Many different laser machines exist, and all of them serve various purposes. For example, some are good for etching purposes, depaneling, etc. However, for a drilling machine to qualify in terms of carrying out laser PCB drilling, it has to be able to generate tiny holes on various components utilized to make PCBs.

The most popular laser machines utilized for micro-hole drilling are:

–          Nd: YAG laser drilling machine

–          CO2 laser drilling machine

Carbon dioxide (CO2) lasers utilize gases as their lasing medium. They then emit light with a wavelength of about 10.6μm on the IR spectrum. These laser beams can create holes bearing a diameter that falls between 50μm to 70μm.

Carbon dioxide beams fall under the high-power beam category. They are hence great in terms of drilling polymers. What’s more, these beams bear high metal surface reflectivity. We use them mainly when drilling speed is of at most importance.

On the other hand, Nd: YAG lasers utilize a solid lasing. They have a fundamental emission that lies in the IR spectrum bearing a wavelength of 1064nm.

The Nd: YAG beam can efficiently emit up to one hundred thousand pulses in one second. What’s more, these beams are more versatile, and hence they can be useful drilling through different components, for example:

–          Metals

–          Glass

–          Polymers

In some cases, manufacturers utilize a combination of carbon dioxide and Nd: YAG lasers to gain specific customized results.

What you should significantly consider during the Laser PCB Drilling Process

When undertaking laser drilling, you should greater consider the following aspects concerning your PCB:

The copper thickness

You should ensure that the copper layer you are targeting is twice as thick as the PCB’s top copper layer. Though plain and simple, this simple aspect is actually an important thumb rule.

Stack-up Materials Non-Homogeneity

Different components absorb energies at varying rates. For instance, glass fibers absorb light at a rate that equals that of FR4 resins. On the other hand, BT epoxy resins tend to vaporize faster than regular glass. In such situations, obtaining great precision when working with laser beams becomes an issue. Therefore, to prevent such incidences, try to maintain your PCB’s stack-up homogeneity as much as possible.

If you utilize components that bear different thermal and optimal properties, then the beam will react with these components differently hence breeding inaccurate drills.

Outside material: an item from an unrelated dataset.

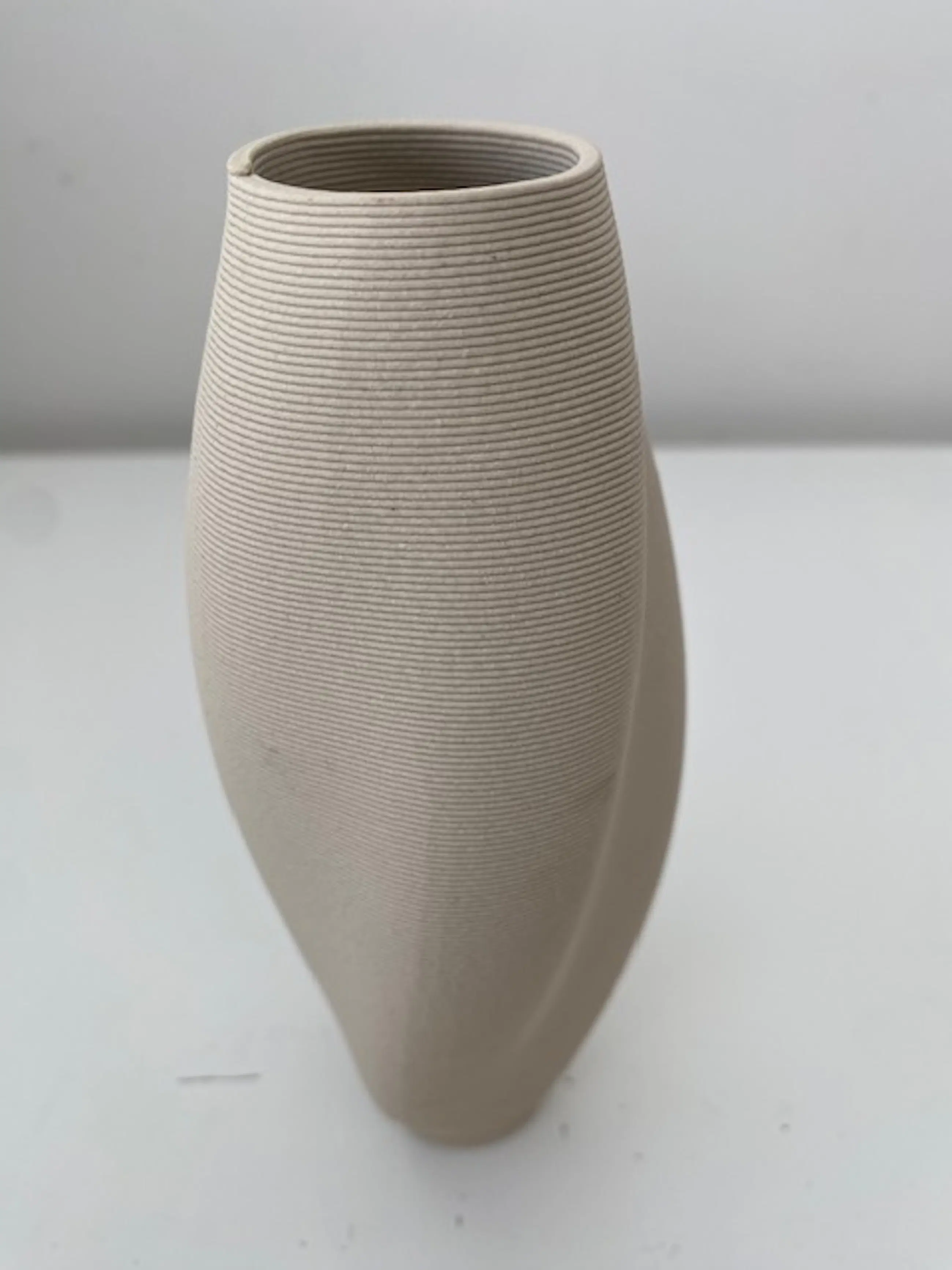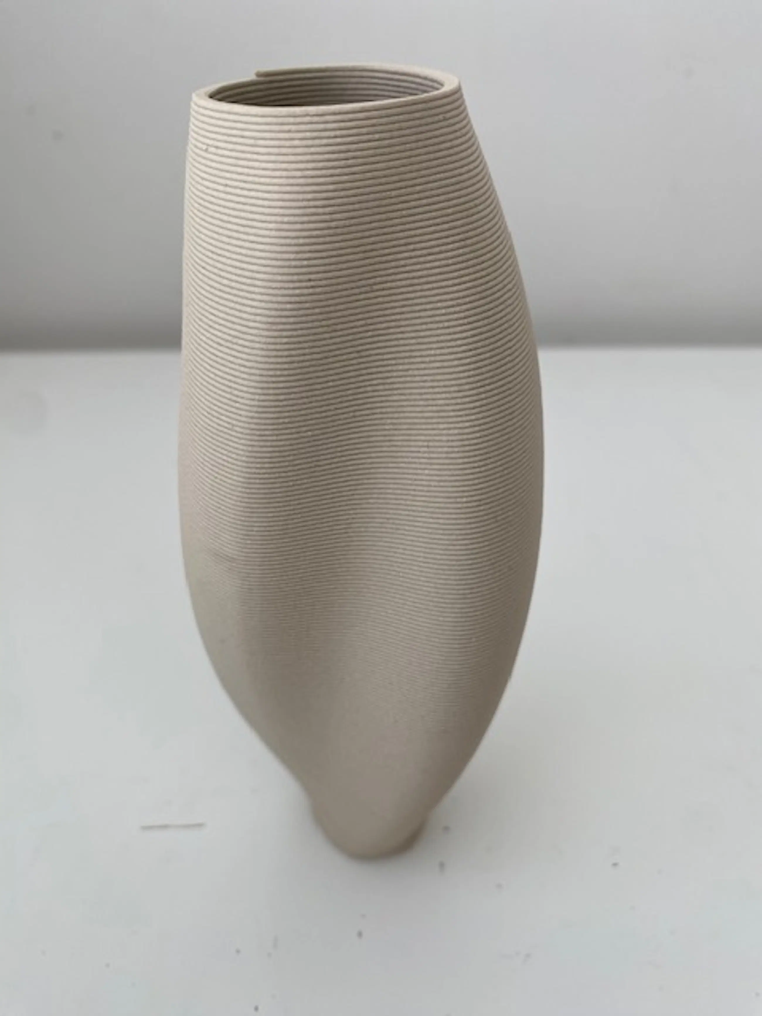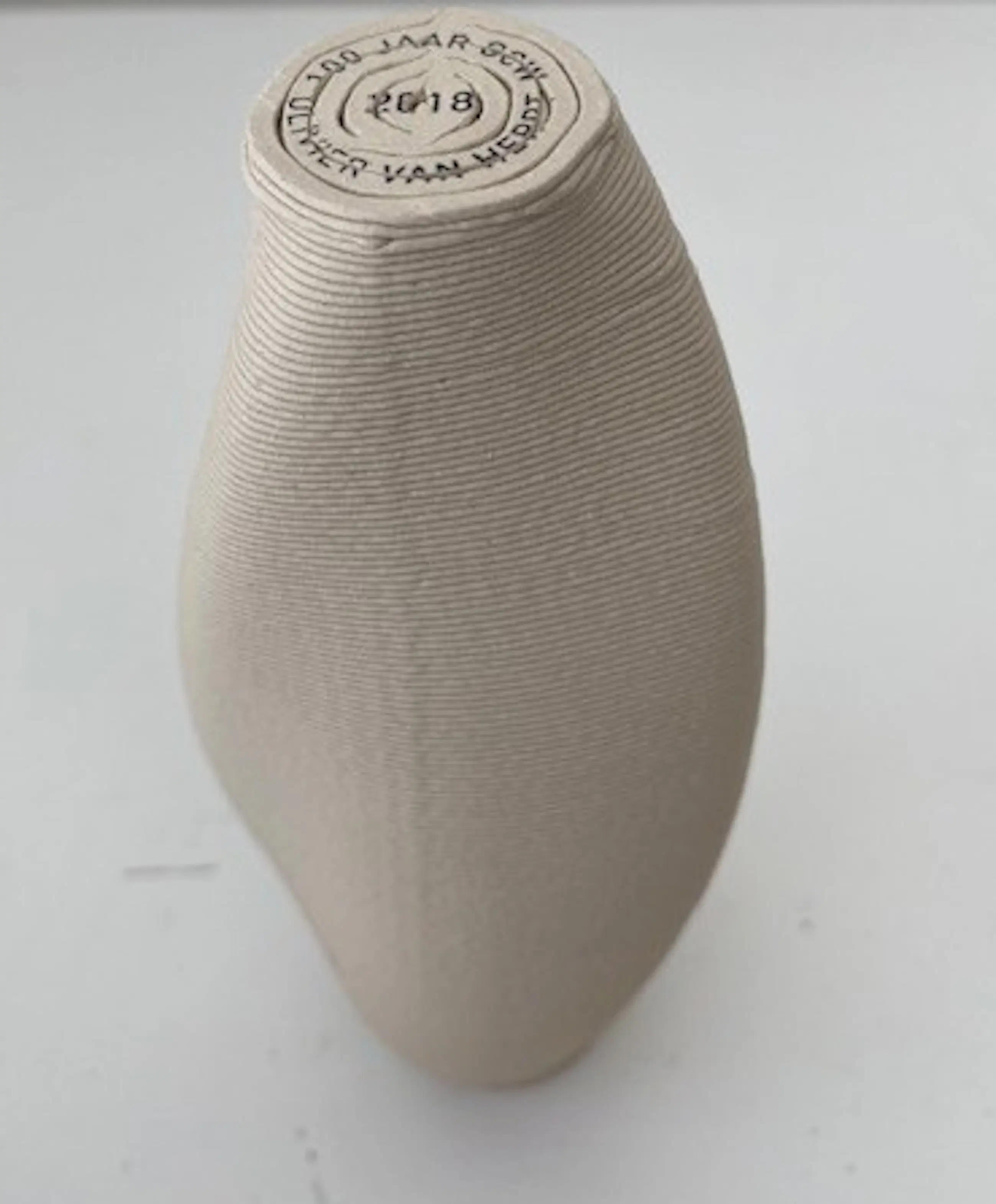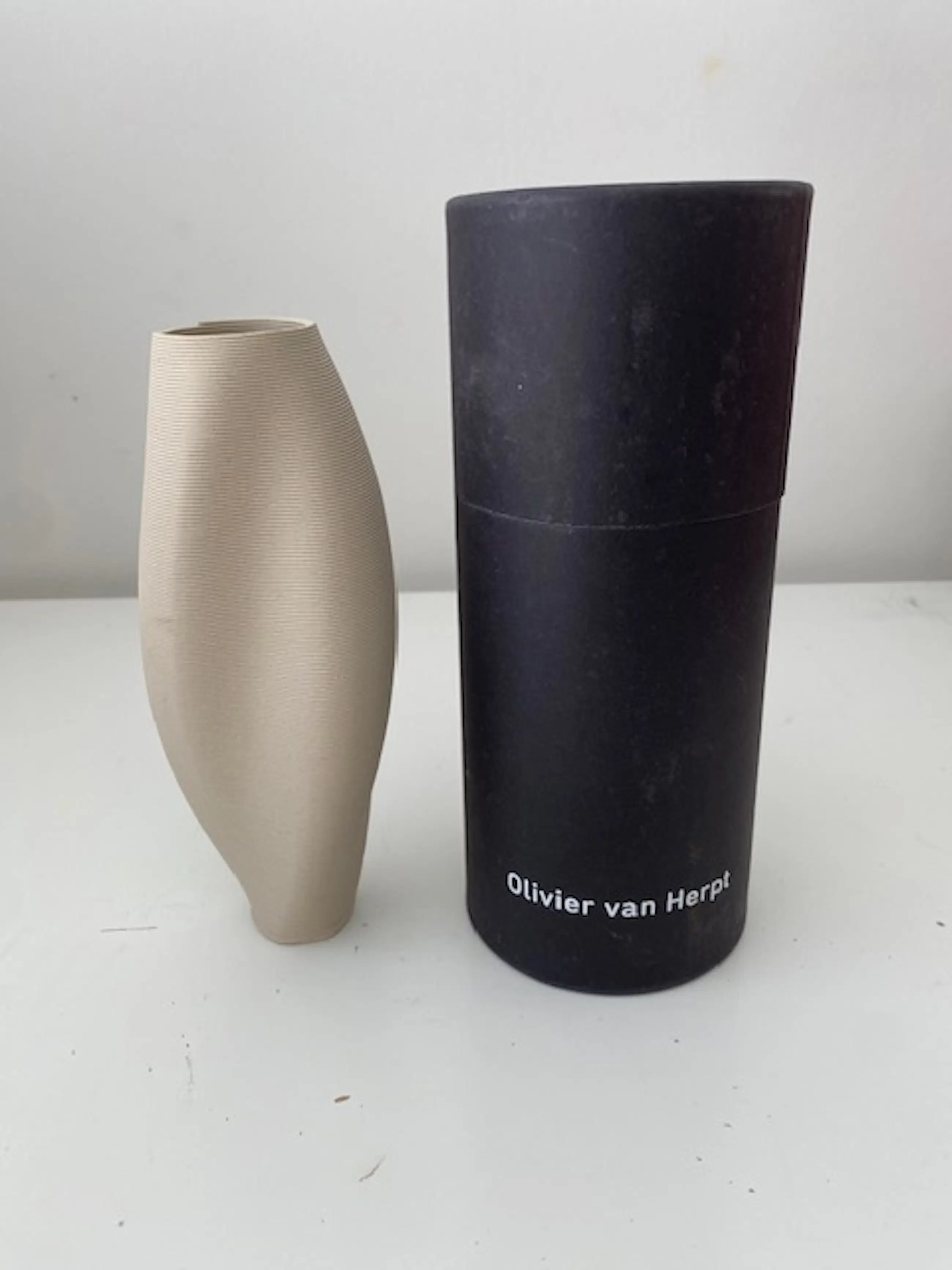 Uniek porseleinen vaasje "Dune". Ontworpen en geproduceerd door Olivier van Herpt (2018). Geproduceerd met een door van Herpt zelf ontwikkelde 3D printer voor keramiek. Onderscheiden met de prestigieuze Dutch Design Award. Werk van Olivier van Herpt is o.a. te vinden in het Stedelijk Museum Amsterdam en Center Pompidou in Parijs. Opdrachtgever Ministerie van Cultuur en Wetenschappen (100 jarig bestaan)

Apart from some challenges that might come up when utilizing laser drilling to make holes in your PCB, we can easily conclude that this process is excellent for developing micro-holes. And given how the current market is trying to reduce the size of the PCB while at the same time increasing its wiring density, it’s no wonder this technique has become pretty popular. Generating minuscule holes with great precision without harming the PCB’s integrity is not an easy task to achieve. However, manufacturers have not just been able to accomplish this feat using laser drilling, but they can now utilize it to mass produce small gadgets.